State Farm Mutual Automobile Insurance Company v. Reeder

763 S.W.2d 116 (1988)

Facts

P and the parents of Paul Hampton are next-door neighbors and share a common driveway. Hampton accidentally drove his car into the support for the Pr carport which collapsed. The impact damaged the roof, and the home and demolished a ladder and boat in the carport. Hampton's parents were insured by D and the company was promptly notified. D obtained an estimate of repair for $8,471. The lowest estimate P obtained was $13,392. P declined an offer of $8,961 and sued for the amount he claimed for property damage and expenses, plus $15,000 for his attorney fees as well as 250,000 for violation of KRS 304.12-230. The circuit judge dismissed the unfair practice claim. A jury returned an $11,000 verdict which has been satisfied.

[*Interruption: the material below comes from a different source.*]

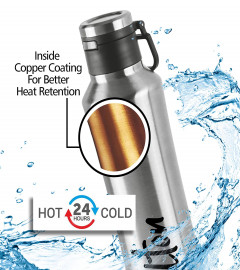 Leak Proof: Yes; Retain temperature: Yes; Double walled Vacuum insulated technology keeps beverages hot or cold for long hours, Inner copper coating for better temperature retention

On appeal, P argued a violation of KRS 304.12-230 and also sought prejudgment interest which had been denied by the circuit court. D contends that the statute does not create a private right of action, but only gives the Commissioner of Insurance authority to perform a regulatory function. KRS 304.12-230 does not specifically provide that any individual may maintain a claim for damages for violation of the act. However, the statute does not state that a violation of its terms is enforceable only by the insurance commissioner, and it does not prohibit a claim by an individual for damages for its breach. The appeals court held that the statute did create a private right of action but denied interest. Both parties appealed.